Proud owner of 42 Zoupa Points.

Tamas

So if you strip legal protection of social media companies from what appears on their platform, won't that result in MORE censorship? At least that's definitely what happened in Hungary after a similar removal of legal protection over comment sections.

Syt

#25917
Quote from: Tamas on May 29, 2020, 02:42:14 AM
So if you strip legal protection of social media companies from what appears on their platform, won't that result in MORE censorship? At least that's definitely what happened in Hungary after a similar removal of legal protection over comment sections.

Of course. It's similar to the discussion re: copyright in the EU. If the platform becomes responsible and liable for what their users upload to the platform, then they're incentivized to minimize their legal risk, i.e. prevent content from going up in the first place.

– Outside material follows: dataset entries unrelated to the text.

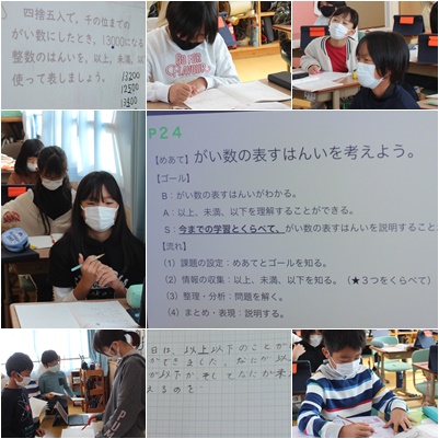 毎時間、【めあて】【流れ】【ゴール】が示され、この流れにしたがって学習を進めています。振り返りでは、今日の学習で学んだことを自分の言葉で書いていきます。どこまで理解をして、何が分からなかったのかを最後に教科担任に伝えます。一人一人の理解度を把握して、次の時間の授業を組み立てています。ユニバーサルデザインを意識した授業の姿です。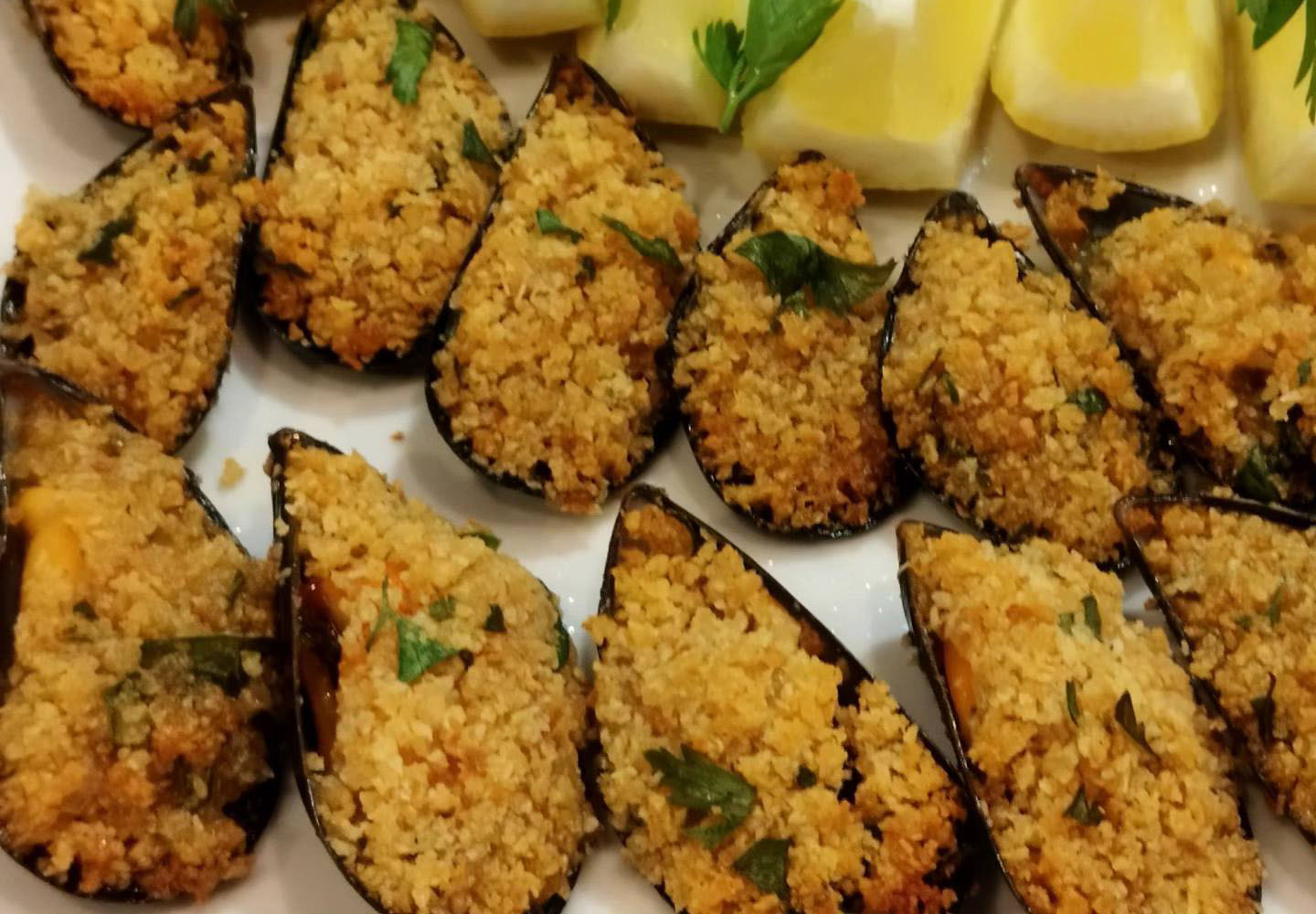 Rimuovete la buccia e schiacciatele in un contenitore. Unite l’olio extravergine di oliva, l’olio all’aglio, il pecorino, sale e pepe. Amalgamate bene e passata il tutto in una sac a poche. Riempite le cozze e adagiatele sulle loro conchiglie. Con un mattarello stendete il pancarrè e tagliatelo a cubetti molto piccoli. Friggetelo nell’olio di semi di girasole ed eliminate l’olio in eccesso con della carta assorbente. Panate così la farcitura delle cozze. Un giro di olio evo e fate gratinare nel grill. Le vostre cozze gratinate sono pronte.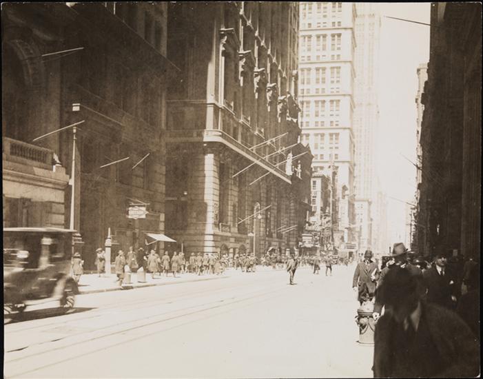 [Broadway from Trinity Churchyard looking toward Pine Street.]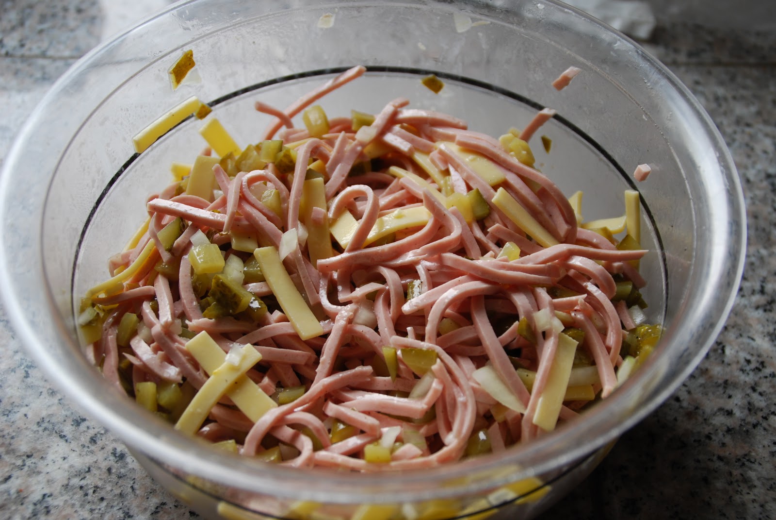 Wurst, Käse und Gurken in dünne Scheiben schneiden. Ich hatte hier schon fertige Lyoner-Wurststreifen vom Metzger, Ihr könnt aber nätürlich die Wurst nehmen die Euch schmeckt. Wer es mag kann auch Krakauer dazugeben. Käse habe ich Butterkäse genommen, aber auch hier könnt Ihr den Käse nehmen der Euch am Besten schmeckt.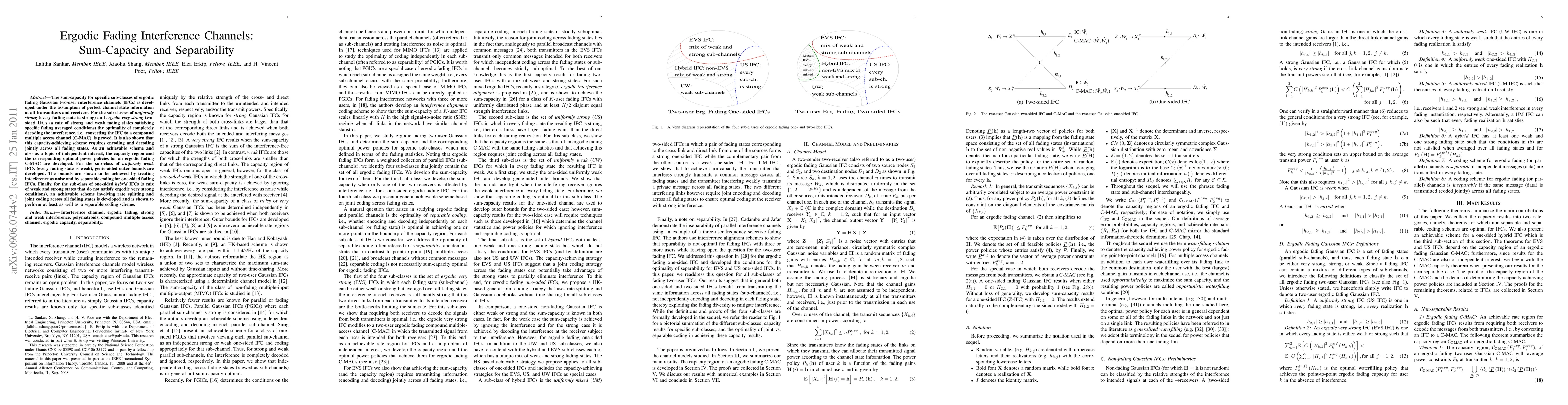 This paper develops sum-capacity and separability strategies for various sub-classes of ergodic fading interference channels, proving the optimality of completely decoding interference for uniformly strong and ergodic very strong channels. It also explores achievable schemes and optimal power policies for compound multiple access channels, and provides genie-aided outer bounds for uniformly weak channels.

What I'm not quite clear on is that Trump wants to a) make platforms responsible for user content and b) prevent them from censoring content, which seems to run counter to each other. So people could upload punishable content and the platform wouldn't be allowed to remove it while still being liable? Guess we have one more reason for installing upload filters.
I am, somehow, less interested in the weight and convolutions of Einstein's brain than in the near certainty that people of equal talent have lived and died in cotton fields and sweatshops.
—Stephen Jay Gould

Proud owner of 42 Zoupa Points.

Syt

I am, somehow, less interested in the weight and convolutions of Einstein's brain than in the near certainty that people of equal talent have lived and died in cotton fields and sweatshops.
—Stephen Jay Gould

Proud owner of 42 Zoupa Points.

Solmyr

Quote from: Sheilbh on May 28, 2020, 06:30:24 AM
I may be stupid, but wouldn't that be more likely to harm the publishing of a lot of conservative/right-wing content at the minute?

I mean if you're also potentially liable for what Alex Johnes says about the Sandy Hook families, for example, you'd shut him down yesterday, no? :mellow:

Even more importantly, you'd shut Donald J. Trump down last year.